Abstract
An ontological perspective to addressing sustainability issues in biomanufacturing on the journey to the circular economy is represented in this paper. Even though sustainability goes beyond the environmental dimension from the triple bottom line framework (including environmental, economic, and social dimensions), given the importance of the environmental dimension, this study has prioritized an ontology for LCA to account for sustainability.

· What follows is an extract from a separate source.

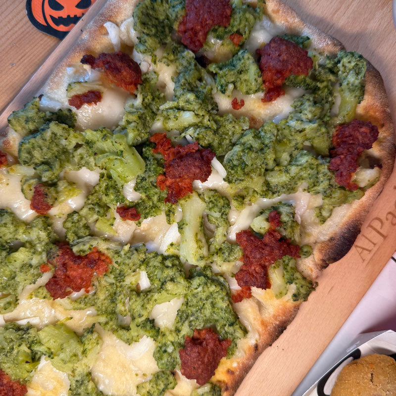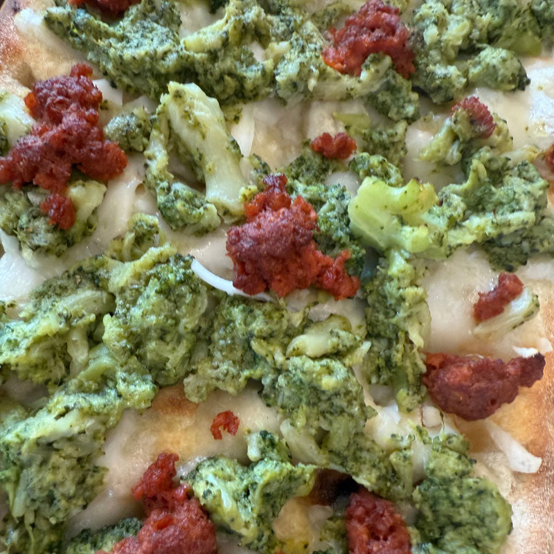 • 1 grüne Brokkoli-Pinsa: veganer Mozzarella, sautierter Brokkoli, vegane Wurst.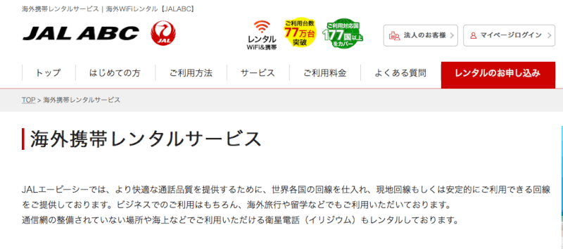 航空会社が提供している海外携帯レンタルサービスです。提供しているのは、ANAとJAL ABCです。利用料に応じてマイルが貯まるので、マイラーさんにオススメです。ただし、どちらの会社も電話番号を使ってメッセージを送るSMSが使えません。

LCA is widely used for estimating the environmental burden of a given production process. However, several conventions currently exist for representing the data required for LCA. The inconsistencies when utilizing LCA data from multiple sources make human readability and understanding difficult, and subsequent data analysis protracted and inefficient. Therefore, we propose the alignment of terms and definitions provided by Industrial Ontologies Foundry (IOF) Core with LCA terminology from ISO 14040 guidelines. With a particular focus on CO2 emission assessment, we demonstrated how the Life Cycle Assessment (LCA) ontological term formalization could be applied to a biomanufacturing process use case. The ontological representation of LCA allows easier comparative analysis between changes in a manufacturing arrangement and the corresponding LCA result. The ontology-assisted comparative analysis could potentially accelerate the identification of a manufacturing process with the lowest carbon footprint and reveal the key contributors to carbon emissions.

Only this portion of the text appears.